PROBLEM: Your task is to reproduce the listing exactly, without its images.

PROVIDED DATA:
____________
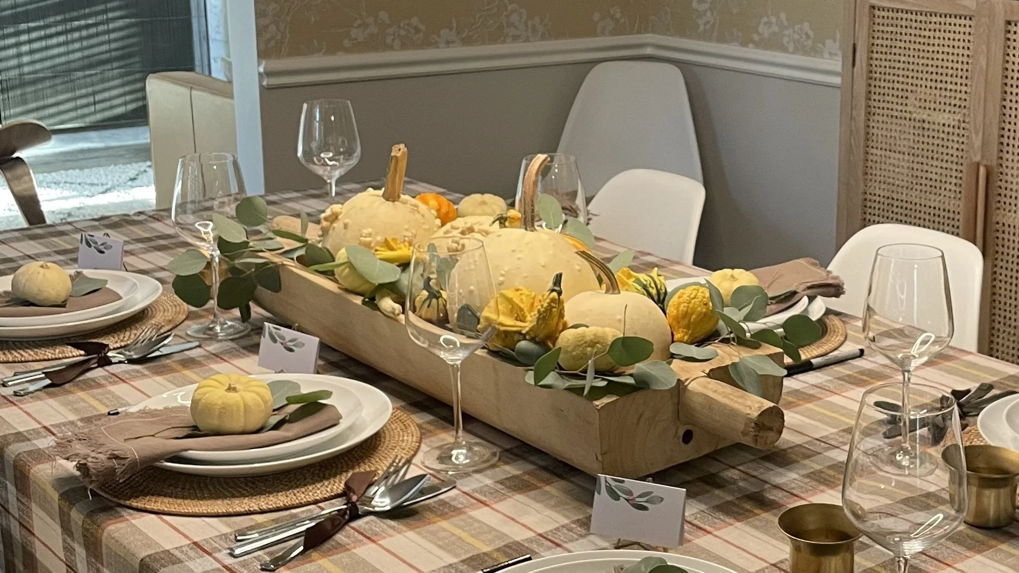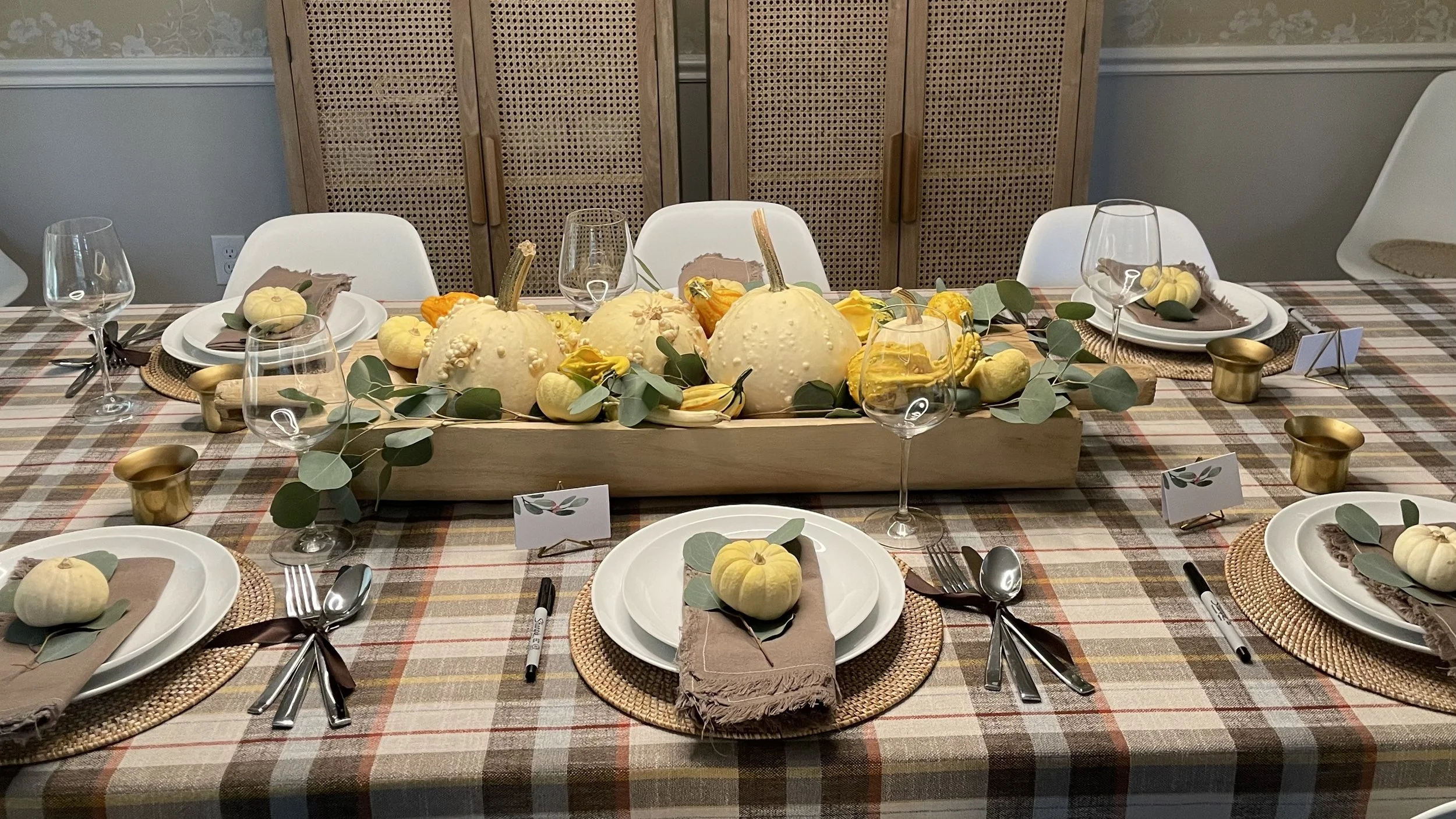 Local white pumpkins set the tone for this holiday table. Jessica mixed in the client’s wholesome tableware and serving pieces, giving Thanksgiving a fresh spin on a dime. She added note cards so everyone at the table could share anonymously what they were most grateful for. The whole setup felt effortless and inviting—exactly what the hostess ordered.
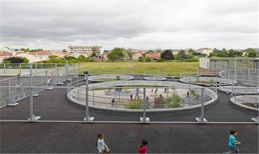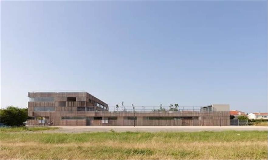 該小巧的教育綜合體包括:覆蓋整個基地的保育園。很大空洞的屋頂。小學,細長的體量,屋頂是活動場。穿過屋頂?shù)臉淠?,在空間上連接校園的活動場。不連續(xù)的木材的建筑表皮有點像彩色鉛筆,它可以防止窗戶被過度日曬,并給運動場遮陽。
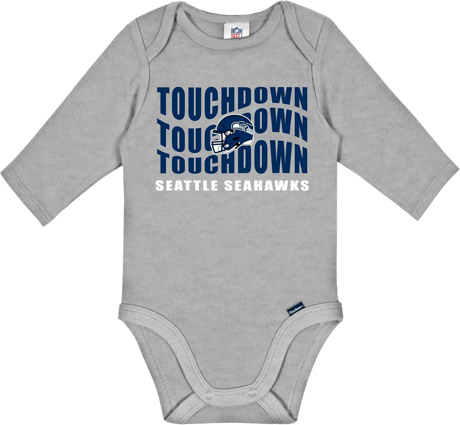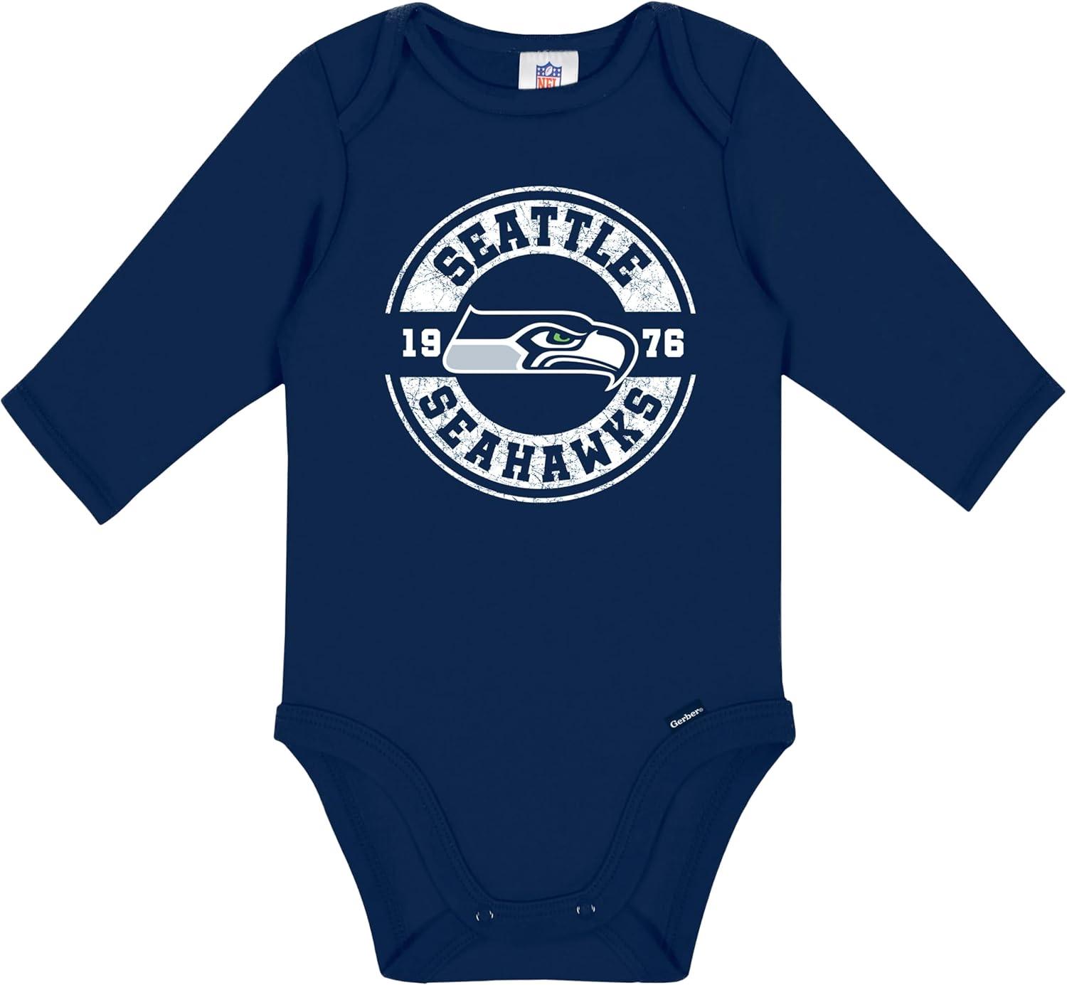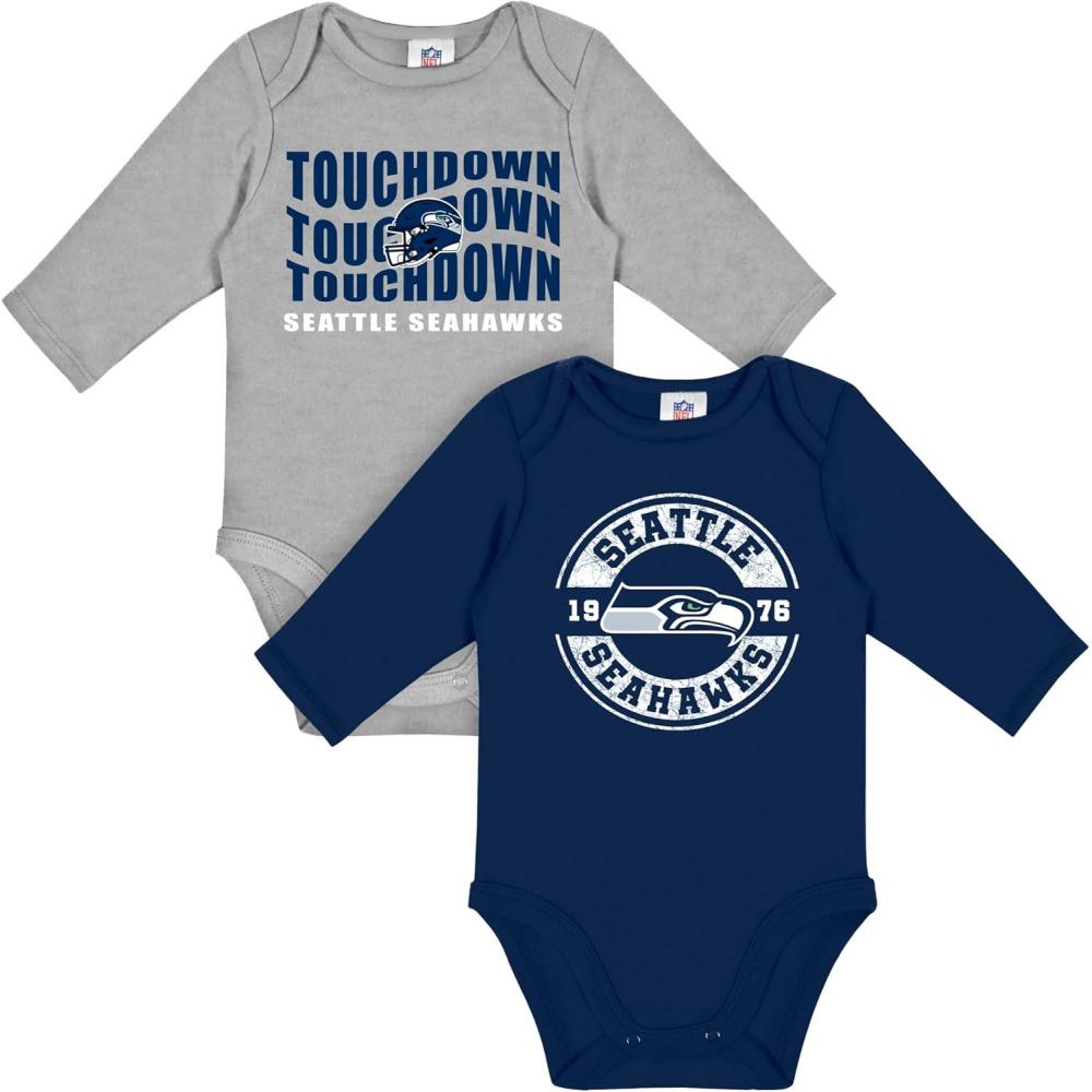 Gerber NFL unisex-baby Nfl 2-pack Long Sleeve Onesie Bodysuit(Seahawks)
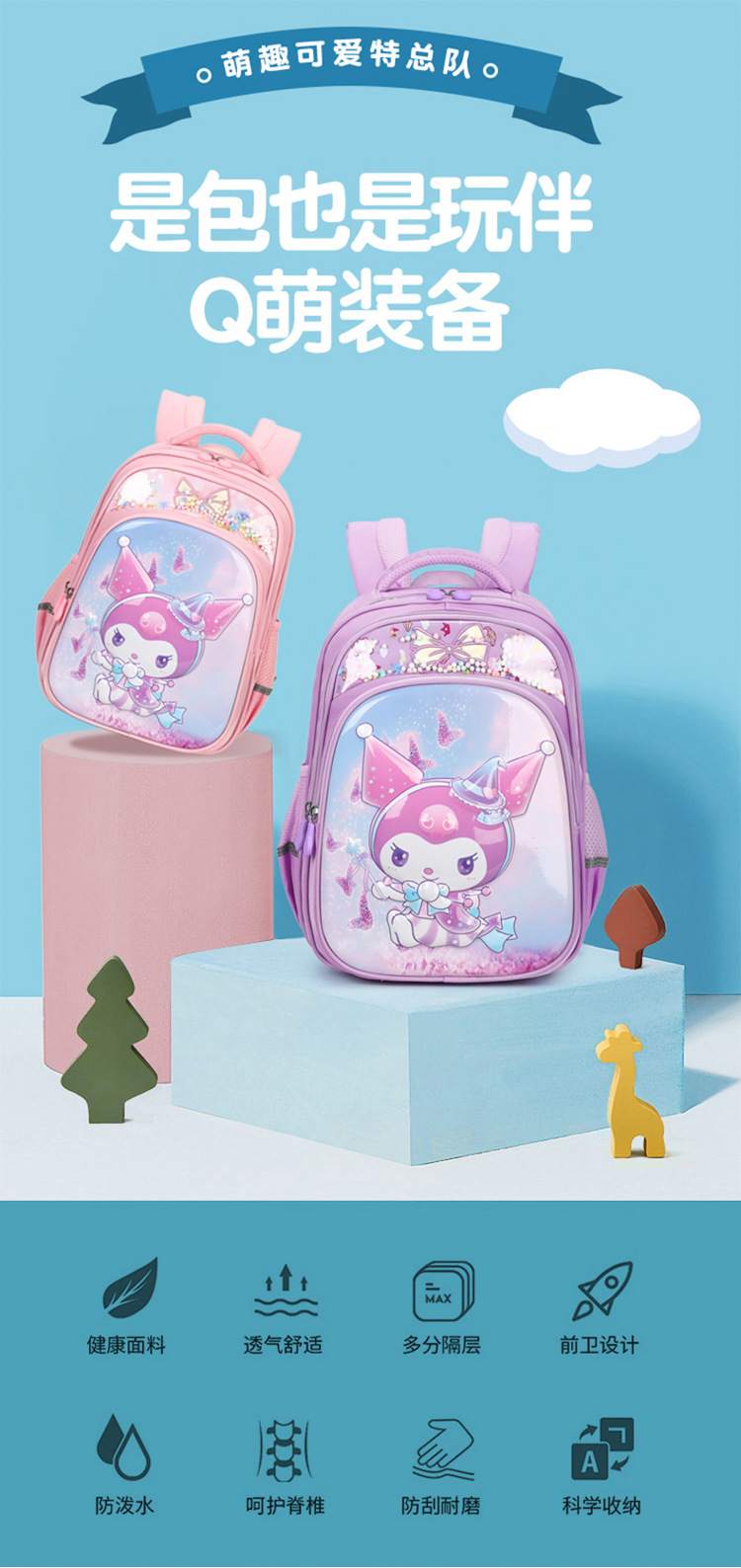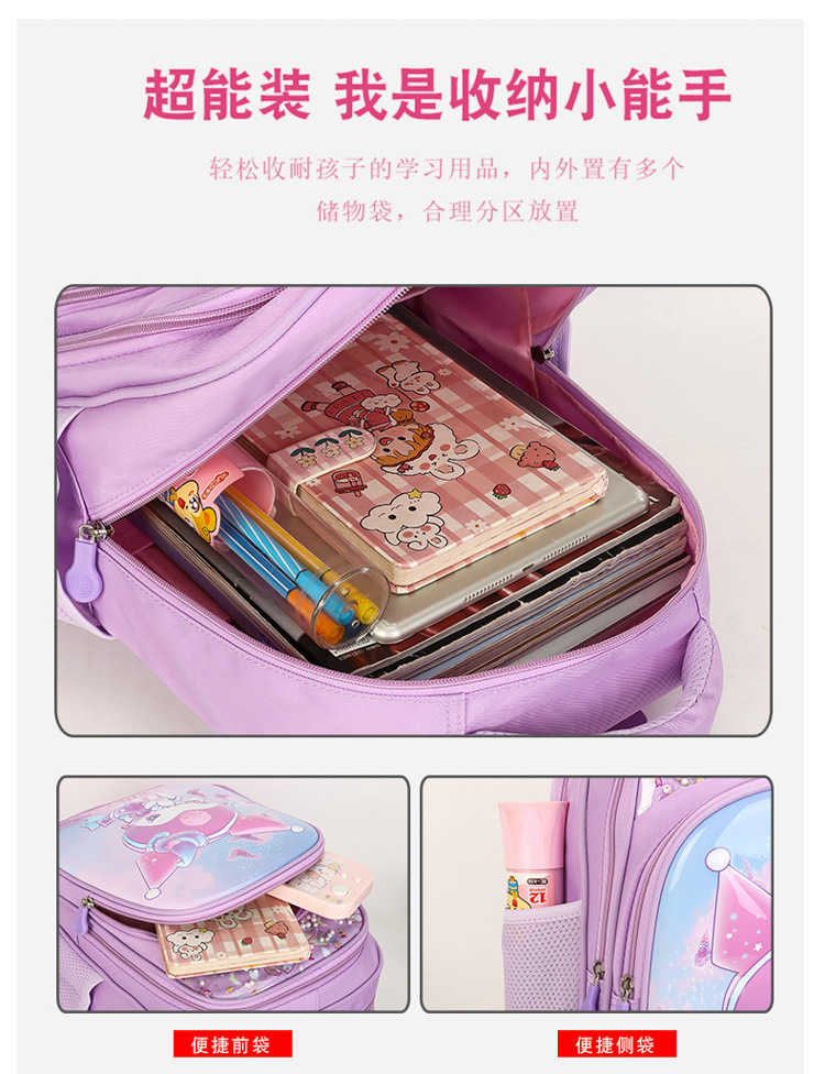 초등학교 학생을위한 새로운 만화 스쿨 백 1-4 학년 소녀 배낭 어린이를위한 능선 보호 트렌디를위한 대용량 경량 배낭
____________
RESULT OF THIS EXERCISE:
 Local white pumpkins set the tone for this holiday table. Jessica mixed in the client’s wholesome tableware and serving pieces, giving Thanksgiving a fresh spin on a dime. She added note cards so everyone at the table could share anonymously what they were most grateful for. The whole setup felt effortless and inviting—exactly what the hostess ordered.
 該小巧的教育綜合體包括:覆蓋整個基地的保育園。很大空洞的屋頂。小學,細長的體量,屋頂是活動場。穿過屋頂?shù)臉淠?,在空間上連接校園的活動場。不連續(xù)的木材的建筑表皮有點像彩色鉛筆,它可以防止窗戶被過度日曬,并給運動場遮陽。
 Gerber NFL unisex-baby Nfl 2-pack Long Sleeve Onesie Bodysuit(Seahawks)
 초등학교 학생을위한 새로운 만화 스쿨 백 1-4 학년 소녀 배낭 어린이를위한 능선 보호 트렌디를위한 대용량 경량 배낭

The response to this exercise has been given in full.